***** Given data

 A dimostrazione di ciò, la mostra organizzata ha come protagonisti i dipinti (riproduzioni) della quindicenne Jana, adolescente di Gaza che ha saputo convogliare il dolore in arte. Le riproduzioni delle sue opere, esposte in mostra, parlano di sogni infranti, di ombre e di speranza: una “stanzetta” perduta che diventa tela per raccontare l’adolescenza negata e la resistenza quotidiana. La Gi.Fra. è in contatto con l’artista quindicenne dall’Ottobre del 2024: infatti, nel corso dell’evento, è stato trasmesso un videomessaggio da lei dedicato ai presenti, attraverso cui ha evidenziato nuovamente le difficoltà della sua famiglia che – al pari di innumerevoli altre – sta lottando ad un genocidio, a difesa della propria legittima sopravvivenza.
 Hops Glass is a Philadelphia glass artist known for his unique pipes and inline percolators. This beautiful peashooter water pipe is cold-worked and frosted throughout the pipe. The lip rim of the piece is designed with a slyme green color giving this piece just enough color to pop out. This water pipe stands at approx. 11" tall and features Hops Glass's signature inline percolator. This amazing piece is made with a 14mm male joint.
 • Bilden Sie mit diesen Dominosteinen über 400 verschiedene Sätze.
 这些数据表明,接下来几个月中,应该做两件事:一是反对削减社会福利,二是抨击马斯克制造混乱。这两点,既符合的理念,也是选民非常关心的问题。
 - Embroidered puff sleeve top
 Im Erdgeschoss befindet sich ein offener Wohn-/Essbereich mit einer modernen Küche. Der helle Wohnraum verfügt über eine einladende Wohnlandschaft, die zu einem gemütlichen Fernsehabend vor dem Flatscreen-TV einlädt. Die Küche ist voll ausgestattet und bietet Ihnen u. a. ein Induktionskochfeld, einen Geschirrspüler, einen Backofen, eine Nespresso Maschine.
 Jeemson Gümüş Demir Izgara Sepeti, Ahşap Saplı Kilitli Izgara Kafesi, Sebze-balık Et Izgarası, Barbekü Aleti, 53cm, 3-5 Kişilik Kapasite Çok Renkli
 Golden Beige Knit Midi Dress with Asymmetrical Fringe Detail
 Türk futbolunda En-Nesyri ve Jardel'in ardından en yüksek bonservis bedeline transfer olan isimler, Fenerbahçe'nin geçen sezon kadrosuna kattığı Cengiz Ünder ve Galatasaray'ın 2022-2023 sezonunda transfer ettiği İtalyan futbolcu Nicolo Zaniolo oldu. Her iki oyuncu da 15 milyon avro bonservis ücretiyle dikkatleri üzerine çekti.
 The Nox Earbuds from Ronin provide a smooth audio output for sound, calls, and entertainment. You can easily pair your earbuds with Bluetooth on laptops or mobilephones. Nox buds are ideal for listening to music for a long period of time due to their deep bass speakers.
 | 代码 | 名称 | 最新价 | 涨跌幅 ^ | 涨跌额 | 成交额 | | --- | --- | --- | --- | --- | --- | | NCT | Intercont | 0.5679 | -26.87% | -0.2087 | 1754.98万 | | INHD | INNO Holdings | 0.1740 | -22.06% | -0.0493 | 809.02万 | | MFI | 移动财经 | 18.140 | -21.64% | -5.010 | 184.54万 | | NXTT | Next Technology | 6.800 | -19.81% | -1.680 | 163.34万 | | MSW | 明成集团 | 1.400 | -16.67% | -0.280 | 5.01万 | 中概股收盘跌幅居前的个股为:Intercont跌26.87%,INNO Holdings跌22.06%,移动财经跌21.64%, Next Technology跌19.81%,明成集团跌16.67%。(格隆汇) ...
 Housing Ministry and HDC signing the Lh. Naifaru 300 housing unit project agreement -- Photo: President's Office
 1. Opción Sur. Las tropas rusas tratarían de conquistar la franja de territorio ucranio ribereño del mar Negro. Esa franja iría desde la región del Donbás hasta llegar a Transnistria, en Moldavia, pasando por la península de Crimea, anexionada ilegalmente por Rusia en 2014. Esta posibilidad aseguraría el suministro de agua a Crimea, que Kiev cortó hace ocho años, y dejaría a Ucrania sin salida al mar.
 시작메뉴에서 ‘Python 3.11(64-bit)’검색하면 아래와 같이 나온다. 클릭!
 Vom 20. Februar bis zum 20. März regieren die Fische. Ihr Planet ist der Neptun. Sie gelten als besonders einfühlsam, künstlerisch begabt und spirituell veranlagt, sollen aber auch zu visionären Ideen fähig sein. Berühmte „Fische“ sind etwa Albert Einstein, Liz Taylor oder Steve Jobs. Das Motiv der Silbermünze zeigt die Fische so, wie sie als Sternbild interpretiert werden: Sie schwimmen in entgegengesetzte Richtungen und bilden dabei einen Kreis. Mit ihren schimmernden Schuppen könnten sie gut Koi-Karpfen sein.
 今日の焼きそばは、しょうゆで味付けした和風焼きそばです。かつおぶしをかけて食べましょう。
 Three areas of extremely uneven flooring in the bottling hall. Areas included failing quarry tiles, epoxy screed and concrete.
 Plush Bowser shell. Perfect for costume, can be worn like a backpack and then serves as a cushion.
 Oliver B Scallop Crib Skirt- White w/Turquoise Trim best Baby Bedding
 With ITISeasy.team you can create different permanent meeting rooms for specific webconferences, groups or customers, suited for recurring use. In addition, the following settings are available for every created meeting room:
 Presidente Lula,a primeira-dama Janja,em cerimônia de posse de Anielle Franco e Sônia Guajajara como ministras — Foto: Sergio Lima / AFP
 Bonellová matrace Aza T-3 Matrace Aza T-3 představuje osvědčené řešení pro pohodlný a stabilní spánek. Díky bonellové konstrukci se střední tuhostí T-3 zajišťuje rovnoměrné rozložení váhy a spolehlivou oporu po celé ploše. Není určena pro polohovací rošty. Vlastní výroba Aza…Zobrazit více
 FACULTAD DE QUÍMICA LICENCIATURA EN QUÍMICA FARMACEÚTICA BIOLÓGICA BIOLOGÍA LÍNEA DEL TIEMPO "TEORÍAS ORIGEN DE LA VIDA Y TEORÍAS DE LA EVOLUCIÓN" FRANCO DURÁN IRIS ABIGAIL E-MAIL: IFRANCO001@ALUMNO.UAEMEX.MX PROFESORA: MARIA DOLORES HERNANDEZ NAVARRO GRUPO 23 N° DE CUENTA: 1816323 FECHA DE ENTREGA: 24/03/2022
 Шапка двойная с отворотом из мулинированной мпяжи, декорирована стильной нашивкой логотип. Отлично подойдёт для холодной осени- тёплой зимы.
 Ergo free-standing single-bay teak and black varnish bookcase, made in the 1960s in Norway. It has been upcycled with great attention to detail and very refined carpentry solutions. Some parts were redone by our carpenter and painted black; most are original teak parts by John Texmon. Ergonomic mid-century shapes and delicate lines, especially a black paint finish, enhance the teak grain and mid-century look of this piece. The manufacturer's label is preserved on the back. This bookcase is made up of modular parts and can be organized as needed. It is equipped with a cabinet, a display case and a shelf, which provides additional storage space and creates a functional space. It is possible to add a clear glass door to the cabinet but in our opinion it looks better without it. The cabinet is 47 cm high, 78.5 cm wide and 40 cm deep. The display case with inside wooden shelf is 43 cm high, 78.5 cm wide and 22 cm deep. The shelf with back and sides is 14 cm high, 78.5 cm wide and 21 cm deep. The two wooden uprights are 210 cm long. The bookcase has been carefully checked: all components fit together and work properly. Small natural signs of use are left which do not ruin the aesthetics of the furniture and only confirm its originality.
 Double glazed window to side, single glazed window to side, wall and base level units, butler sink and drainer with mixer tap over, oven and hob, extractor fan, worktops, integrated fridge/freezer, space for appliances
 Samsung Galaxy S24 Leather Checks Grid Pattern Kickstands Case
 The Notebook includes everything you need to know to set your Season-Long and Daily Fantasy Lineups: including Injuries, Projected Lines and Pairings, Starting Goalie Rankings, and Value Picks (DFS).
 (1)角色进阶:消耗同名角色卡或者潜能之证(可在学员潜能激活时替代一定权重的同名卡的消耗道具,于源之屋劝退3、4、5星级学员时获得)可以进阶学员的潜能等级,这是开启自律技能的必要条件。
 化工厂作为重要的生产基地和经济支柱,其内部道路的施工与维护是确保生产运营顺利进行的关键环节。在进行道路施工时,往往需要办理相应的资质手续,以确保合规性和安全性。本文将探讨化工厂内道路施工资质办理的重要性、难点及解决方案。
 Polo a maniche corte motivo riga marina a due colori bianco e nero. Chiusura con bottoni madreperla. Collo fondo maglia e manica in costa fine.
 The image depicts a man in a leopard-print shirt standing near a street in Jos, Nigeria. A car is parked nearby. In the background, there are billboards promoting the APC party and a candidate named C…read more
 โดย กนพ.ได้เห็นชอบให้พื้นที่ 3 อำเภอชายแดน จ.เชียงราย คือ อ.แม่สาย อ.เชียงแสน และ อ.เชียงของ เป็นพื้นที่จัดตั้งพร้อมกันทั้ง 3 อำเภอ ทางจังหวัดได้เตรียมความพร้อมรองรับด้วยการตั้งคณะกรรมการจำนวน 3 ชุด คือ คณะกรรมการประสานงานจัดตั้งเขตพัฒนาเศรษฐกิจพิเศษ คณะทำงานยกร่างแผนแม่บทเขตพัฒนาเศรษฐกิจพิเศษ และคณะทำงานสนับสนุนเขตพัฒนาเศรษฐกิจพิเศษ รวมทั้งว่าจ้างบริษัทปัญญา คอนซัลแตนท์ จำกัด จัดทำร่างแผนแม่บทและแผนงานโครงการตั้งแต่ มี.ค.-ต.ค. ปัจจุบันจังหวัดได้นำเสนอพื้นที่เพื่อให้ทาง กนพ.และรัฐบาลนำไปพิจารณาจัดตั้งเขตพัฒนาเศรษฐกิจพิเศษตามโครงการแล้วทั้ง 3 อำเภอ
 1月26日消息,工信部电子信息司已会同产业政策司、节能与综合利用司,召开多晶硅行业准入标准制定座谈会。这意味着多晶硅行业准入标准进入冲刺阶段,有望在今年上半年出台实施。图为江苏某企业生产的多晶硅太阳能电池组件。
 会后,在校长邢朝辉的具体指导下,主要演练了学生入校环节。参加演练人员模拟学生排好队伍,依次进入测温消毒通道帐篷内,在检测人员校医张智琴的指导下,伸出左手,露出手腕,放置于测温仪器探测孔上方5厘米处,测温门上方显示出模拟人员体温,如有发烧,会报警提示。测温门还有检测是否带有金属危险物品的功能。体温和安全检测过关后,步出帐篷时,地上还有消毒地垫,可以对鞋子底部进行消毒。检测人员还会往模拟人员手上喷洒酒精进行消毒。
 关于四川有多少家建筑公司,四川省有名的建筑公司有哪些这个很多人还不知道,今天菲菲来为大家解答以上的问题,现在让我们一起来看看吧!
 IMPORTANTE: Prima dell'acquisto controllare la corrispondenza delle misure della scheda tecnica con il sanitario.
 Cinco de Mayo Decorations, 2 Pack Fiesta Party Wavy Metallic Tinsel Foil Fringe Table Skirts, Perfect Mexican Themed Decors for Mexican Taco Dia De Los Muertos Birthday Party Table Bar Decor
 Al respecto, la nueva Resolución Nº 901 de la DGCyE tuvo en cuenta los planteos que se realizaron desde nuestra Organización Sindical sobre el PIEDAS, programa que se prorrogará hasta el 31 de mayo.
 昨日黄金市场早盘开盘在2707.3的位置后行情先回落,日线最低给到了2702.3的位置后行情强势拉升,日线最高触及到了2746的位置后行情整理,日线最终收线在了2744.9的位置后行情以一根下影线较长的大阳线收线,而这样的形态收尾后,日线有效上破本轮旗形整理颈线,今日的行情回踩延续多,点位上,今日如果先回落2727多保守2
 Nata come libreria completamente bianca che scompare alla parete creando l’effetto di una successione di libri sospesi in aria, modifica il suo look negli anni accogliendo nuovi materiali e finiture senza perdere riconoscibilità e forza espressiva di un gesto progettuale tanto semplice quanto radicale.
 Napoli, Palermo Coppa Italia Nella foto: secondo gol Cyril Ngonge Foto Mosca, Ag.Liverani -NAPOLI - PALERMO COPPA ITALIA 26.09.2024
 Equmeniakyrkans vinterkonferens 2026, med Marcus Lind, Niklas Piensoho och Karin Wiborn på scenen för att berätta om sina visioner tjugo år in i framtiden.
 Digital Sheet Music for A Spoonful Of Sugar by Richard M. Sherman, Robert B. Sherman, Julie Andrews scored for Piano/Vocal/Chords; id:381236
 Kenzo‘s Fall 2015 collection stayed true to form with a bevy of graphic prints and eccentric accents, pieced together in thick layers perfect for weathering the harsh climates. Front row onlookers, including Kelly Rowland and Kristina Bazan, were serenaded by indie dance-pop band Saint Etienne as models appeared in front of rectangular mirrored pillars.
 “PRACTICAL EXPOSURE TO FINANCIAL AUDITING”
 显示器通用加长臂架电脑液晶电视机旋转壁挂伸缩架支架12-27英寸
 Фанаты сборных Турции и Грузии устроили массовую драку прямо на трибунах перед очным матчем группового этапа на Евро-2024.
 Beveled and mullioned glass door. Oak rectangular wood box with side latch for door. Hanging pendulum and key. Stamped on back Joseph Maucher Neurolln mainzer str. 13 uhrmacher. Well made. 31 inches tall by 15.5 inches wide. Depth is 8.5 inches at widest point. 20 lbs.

**********

Your task: Where the data above reaches the line holding "Housing Ministry and", begin printing, and stop after the line holding "Oliver B Scallop". Each line must be reproduced exactly, with nothing else added.

Answer section:
 Housing Ministry and HDC signing the Lh. Naifaru 300 housing unit project agreement -- Photo: President's Office
 1. Opción Sur. Las tropas rusas tratarían de conquistar la franja de territorio ucranio ribereño del mar Negro. Esa franja iría desde la región del Donbás hasta llegar a Transnistria, en Moldavia, pasando por la península de Crimea, anexionada ilegalmente por Rusia en 2014. Esta posibilidad aseguraría el suministro de agua a Crimea, que Kiev cortó hace ocho años, y dejaría a Ucrania sin salida al mar.
 시작메뉴에서 ‘Python 3.11(64-bit)’검색하면 아래와 같이 나온다. 클릭!
 Vom 20. Februar bis zum 20. März regieren die Fische. Ihr Planet ist der Neptun. Sie gelten als besonders einfühlsam, künstlerisch begabt und spirituell veranlagt, sollen aber auch zu visionären Ideen fähig sein. Berühmte „Fische“ sind etwa Albert Einstein, Liz Taylor oder Steve Jobs. Das Motiv der Silbermünze zeigt die Fische so, wie sie als Sternbild interpretiert werden: Sie schwimmen in entgegengesetzte Richtungen und bilden dabei einen Kreis. Mit ihren schimmernden Schuppen könnten sie gut Koi-Karpfen sein.
 今日の焼きそばは、しょうゆで味付けした和風焼きそばです。かつおぶしをかけて食べましょう。
 Three areas of extremely uneven flooring in the bottling hall. Areas included failing quarry tiles, epoxy screed and concrete.
 Plush Bowser shell. Perfect for costume, can be worn like a backpack and then serves as a cushion.
 Oliver B Scallop Crib Skirt- White w/Turquoise Trim best Baby Bedding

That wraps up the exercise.